- Born: April 30, 1960 (age 66) Montreal, Quebec, Canada
- Education: Stanford University
- Scientific career
- Fields: Neuroethics
- Workplaces: Neuroethics Canada University of British Columbia

= Judy Illes =

Canadian neuroscientist

Judy Illes, , FCAHS, (born April 30, 1960) is Professor of Neurology and Distinguished University Scholar in Neuroethics at the University of British Columbia. She is Director of Neuroethics Canada at UBC, and faculty in the Brain Research Centre at UBC and at the Vancouver Coastal Health Research Institute. She also holds affiliate appointments in the School of Population and Public Health and the School of Journalism at UBC, and in the Department of Computer Science and Engineering at the University of Washington in Seattle, WA. USA. She was appointed a member of the Order of Canada in 2017, and was promoted to an Officer in 2025.

==Research focus==
Illes' research focuses on the ethical, legal, social and policy challenges specifically at the intersection of the neurosciences and biomedical ethics. This includes studies on advanced neurotechnologies in basic and clinical research, regenerative medicine, dementia, addiction, and the commercialization of cognitive neuroscience. She also leads a program of research and outreach devoted to improving the literacy of neuroscience and engaging stakeholders. She has also popularized the concept of neurorealism along with Eric Racine and Ofek Bar-llan.

==Other activities==

Illes is a pioneer of the field of neuroethics through which she has made contributions to ethical, legal, social and policy challenges at the intersection of the brain sciences and biomedical ethics.
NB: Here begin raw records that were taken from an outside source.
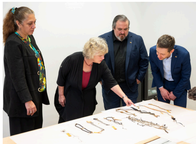
Ambassador Pitcher visits Museum in Germany

Nauru's Ambassador to the United Nations in Geneva was welcomed to the German state-owned Museum 5 Continents in Munich, Germany, to view the Nauru collection rarely seen by the general Nauru population, 24 March.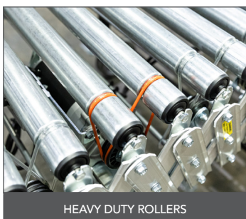
HEAVY DUTY ROLLERS

Technical Support Installation & Setup Service Maintenance Application Support Hardware Support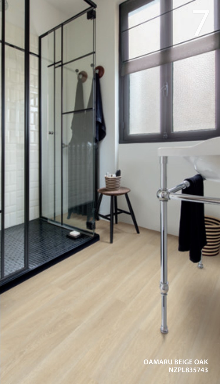
OAMARU BEIGE OAK NZPL835743

*High Shade Variation **"Waterproof Surface" Warranty when installed with a perimeter seal, see website for full details and installation information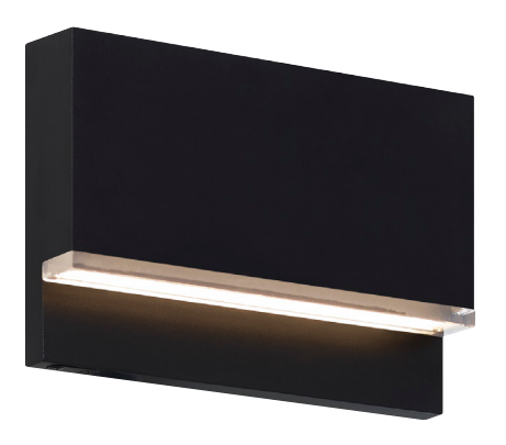
WEND OUTDOOR WALL/STEP LIGHT shown in black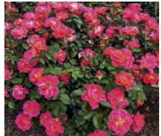
CORAL MIRACLE™ cv. 'RIPfirst' PPAF

Height/Habit: 3-4' Bloom/Petals: 3-4" Semi Double, in clusters; 12-14 Foliage: Dark green Fragrance: Mild

Among her many international commitments, she is Immediate Past Chair of the International Brain Initiative, special Ethics Advisor to the European EuroBioImaging Consortium, an inaugural member of the Neuroethics Working Group of the European Academy of Neurology and a member of the Ethics Law and Humanities Committee of the American Academy of Neurology. She has served in many leadership roles in Canada and abroad, and as an expert for UNESCO, the OECD, the World Health Organization, and Amnesty International, among others. Neuroscience Communication, the ninth volume in her book series Developments in Neuroethics and Bioethics (Elsevier) that spans topics in pain, neurolaw, neuroarchitecture and crosscultural neuroscience, is now in press, and volume 10, Ethics, the Environment and the Exposome, is in preparation.

== Books ==

- The Strategic Grant-seeker: A Guide To Conceptualizing Fundable Research in the Brain and Behavioral Sciences (1999)
- Neuroethics: Defining the issues in theory, practice, and policy (2005)
- Addiction Neuroethics: The Ethics of Addiction Neuroscience Research and Treatment (2011)
- Ethical Issues in Behavioral Neuroscience (2015)
- Oxford Handbook of Neuroethics (2013)
- Neuroethics: Anticipating the Future (2017)
- Developments in Neuroethics and Bioethics (Pain - 2018; Global Mental Health - 2019; Do it Yourself Neurotechnologies - 2020)

== Awards and honours ==
In 2025, Illes was promoted to Officer to the Order of Canada.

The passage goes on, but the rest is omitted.